11/22 大阪公立大学「都市基盤計画特論1回目」ロールプレイ

11/22から数ヶ月にわたって、大阪公立大大学院生が「都市基盤計画特論」(吉田 長裕先生)の授業の一環として、西淀川をフィールドにして学びます。西淀川でワークショップやフィールドワーク、調査等を行った後に、最終的に西淀川に対するまちづくりの提案をする予定です。参加者は9名です。

キックオフとして、ロールプレイなどのワークショップと西淀川公害とあおぞら財団についてお話しました。

最初にフォトランゲージ「西淀川大気汚染公害」を行い、写真を見てタイトルをつけるというグループワークに取り組みました。写真の細部までよくみて、創造力を膨らませて言語化するというものです。工夫をこらした興味深いタイトルをつけてくれ、みんなで共有しました。

ロールプレイ「あなたのまちで公害が起きたら」のワークショップでは、さまざまな状況が明らかにならない中で大気汚染被害が出ていて、それにどう対処するのかという非常に難しい問題に対して考えてもらいました。学生たちは今のコロナ禍や気候変動にもつながる内容として、真摯に取り組んでいました。

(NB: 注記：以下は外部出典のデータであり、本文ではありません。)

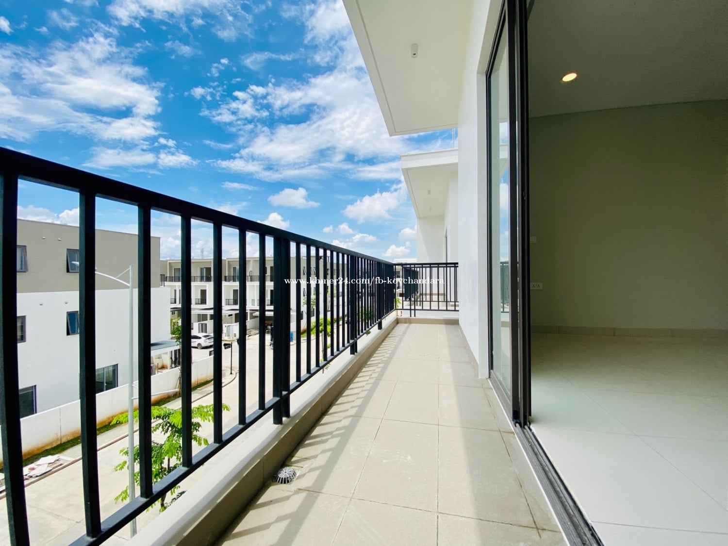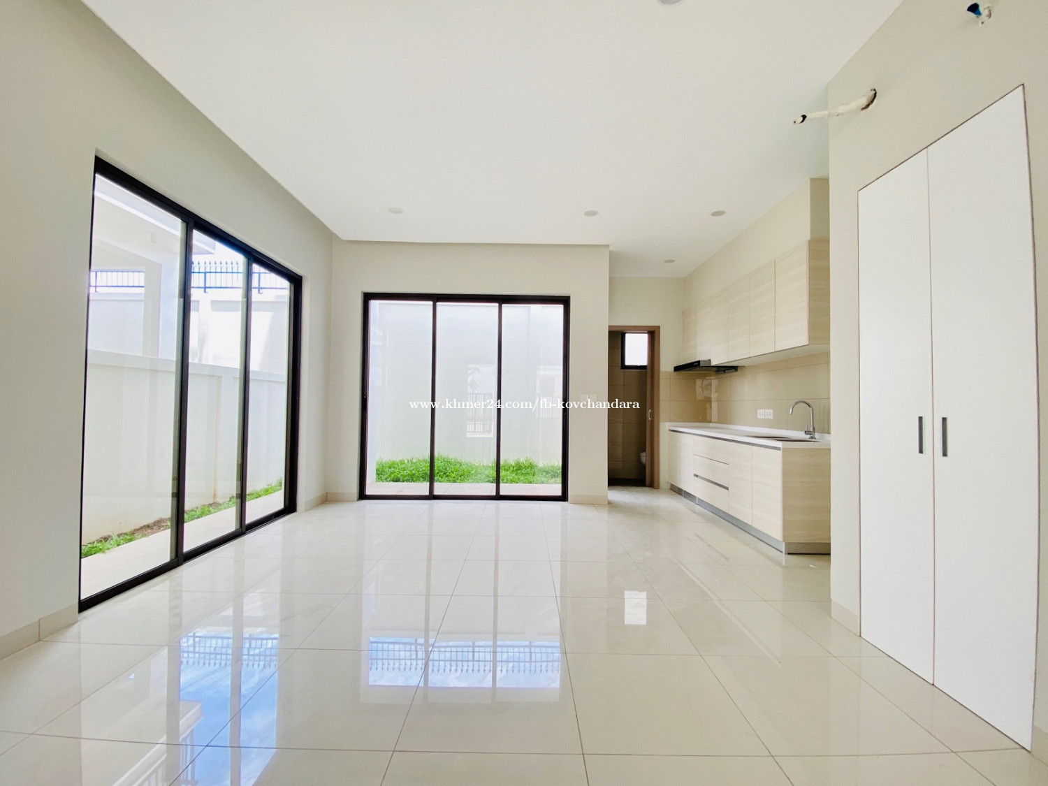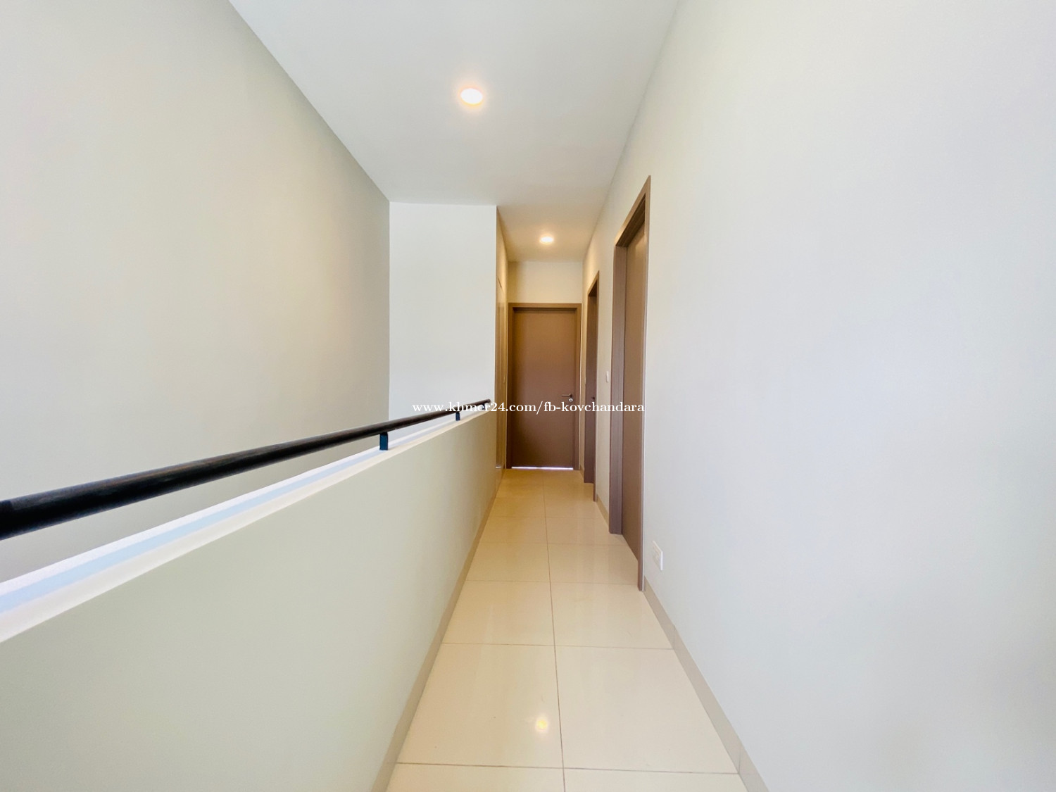 Borey chankiri链接别墅 卧室3 浴室3 侧链式房屋,有1.5米的绿地和后花园。一楼有一个开放式客厅、厨房、厕所和储藏室。一楼和二楼各有两间卧室和一间浴室。距离永旺3仅5公里,距离BKK115公里,距离新机场10公里
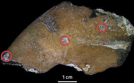 In this image you can clearly see fish scales and possible bone remains. Under closer magnification there are 2 fish jaws and well preserved vertebrae.
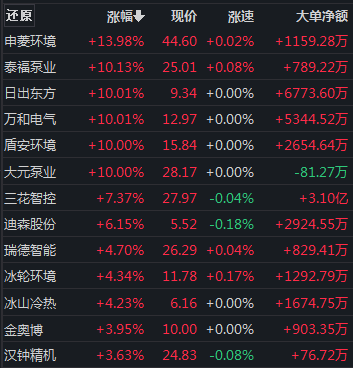 此外,空气能热泵板块涨幅居前,日出东方、万和电气、大元泵业、盾安环境涨停,泰福泵业、申菱环境涨超10%,迪森股份、瑞德智能、金奥博等跟涨。
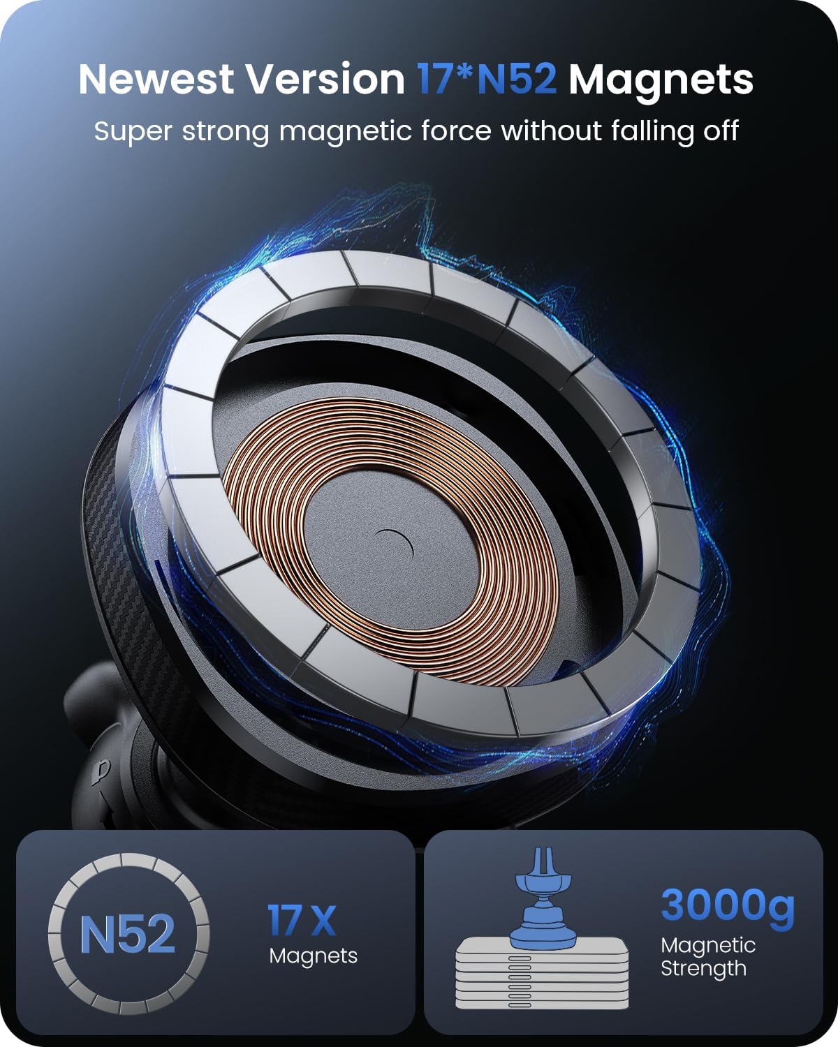 - 【Updated 17 x N52 Strong Magnets】Built-in powerful 17 x N52 magnets ring will firmly suction up your phone, ensuring your iPhone 16/15/14/13/12 stays secure throughout your drive

教材のページはこちら:ロールプレイ「あなたのまちで公害が起きたら」(この教材の資料はあおぞら財団までお問合せください 電子メール:webmaster[at]aozora.or.jp([at]を@に変えてください))

都市基盤特論1

お芝居で模擬的に公害解決に向けた話し合いを体験します

事務局長から、西淀川大気汚染とあおぞら財団についてのお話をした後に、受講生がまちづくりに関して何に対して興味を持っているのかを共有しました。多様なモビリティ、自転車、道路、防災、緑化などに関心のある学生が多いようです。

都市基盤特論2

事務局長から西淀川大気汚染、あおぞら財団についてお話

次回(11/29)は、ワークショップの後に、公害患者さんのお話を聴く予定です。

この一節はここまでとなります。